A widely anticipated productivity boom from artificial intelligence may have the opposite effect on interest rates than many investors expect, a top Federal Reserve official warned.
Chicago Federal Reserve President Austan Goolsbee challenged the prevailing view that artificial intelligence will usher in an era of lower interest rates, arguing Friday that widespread expectations of a productivity boom could instead fuel inflation and force the central bank to keep policy tight.
"The bigger the hype, the bigger the concern," Goolsbee said at the Hoover Institution’s annual monetary policy conference. If an expected boom fails to materialize after pulling demand forward, "you can easily get stagflation," he said.

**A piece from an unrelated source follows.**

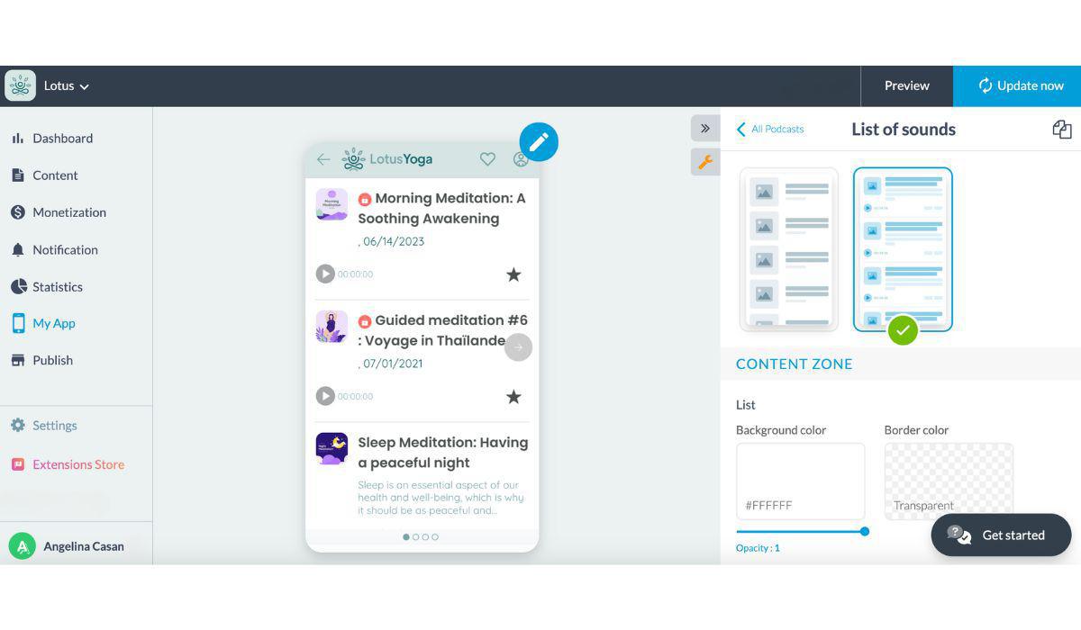 Ga in uw backoffice naar het menu Mijn App > Structuur > klik op uw podcastsectie > EDITIE geluid Lijst bewerken. Selecteer de 2e sjabloon (met de afspeelknoppen).

Goolsbee’s comments stand in stark contrast to the disinflationary narrative championed by figures like Kevin Warsh, who is a contender to be the next Fed chair. While proponents argue AI mirrors the 1990s internet boom that helped tame inflation, Goolsbee noted the Fed under Alan Greenspan raised rates six times between 1999 and 2000 as anticipated gains overheated the economy.
The debate injects a new layer of uncertainty into the path of monetary policy, which has held the federal funds rate in a 5.25% to 5.50% range since July 2023. If Goolsbee is right, markets may be mispricing the risk that the AI boom, rather than providing relief, could be the very thing that keeps rates higher for longer.
The Peril of Anticipation
Goolsbee’s core argument hinges on a distinction between surprise productivity gains and widely anticipated ones. When gains are a surprise, as was arguably the case with the internet's initial rollout, they can be disinflationary. But when gains are hyped for years in advance, he argued, the economic effects can flip.
"When gains are widely anticipated, as they are today with enthusiasm reflected across financial markets and corporate balance sheets, households and businesses pull spending and investment forward before the productivity boost arrives," Goolsbee explained. This dynamic, he says, overheats the present economy.
He pointed to survey data from the Federal Reserve of Chicago showing that economists, tech workers, and the public all expect about one percentage point of additional productivity growth annually over the next decade due to AI. This collective belief could already be influencing behavior, with Goolsbee watching for wealth effects from rising asset prices, increased costs for land and chips from a data-center construction boom, and potential declines in labor-force participation.
A Tale of Two Scenarios
The Chicago Fed president’s warning outlines two primary paths, neither of which involves the easy rate cuts investors have hoped for. In the first scenario, the AI boom delivers on its promise. The resulting economic expansion and forward-pulled demand would likely generate inflation, forcing the Fed to maintain or even increase interest rates.
In the second, more perilous scenario, the boom disappoints. If the economy overheats on expectations that are never met, the result is persistent inflation colliding with a sharp economic slowdown—the textbook definition of stagflation.
This view, however, is not universally held within the Fed. Governor Christopher Waller, speaking on the same panel, pushed back, noting that the "wealth effect" channel Goolsbee described has not been a reliable predictor in economic models. Others, like University of Chicago economist Luigi Zingales, suggested that household fears of job losses to AI could prompt higher savings, counteracting the spending impulse. A recent Atlanta Fed analysis also found that AI investment is highly concentrated, with the mean spending across firms being 14 times the median, suggesting the boom is not yet broad-based.
Market Implications
The debate complicates the outlook for investors who have largely bought into the "AI is disinflationary" narrative. That view posits that AI will create efficiencies, reduce costs, and ultimately allow the Fed to lower borrowing costs. Some analyses even suggest AI could lower mortgage rates by compressing the administrative costs and default risks embedded in lending spreads.
Goolsbee’s framework presents a significant challenge to this consensus. It suggests that the very enthusiasm for AI that has propelled markets could be sowing the seeds of its own policy-induced correction. While markets are currently pricing in potential rate cuts later in the year, Goolsbee's logic implies that the bar for such easing may be higher than many believe.
This article is for informational purposes only and does not constitute investment advice.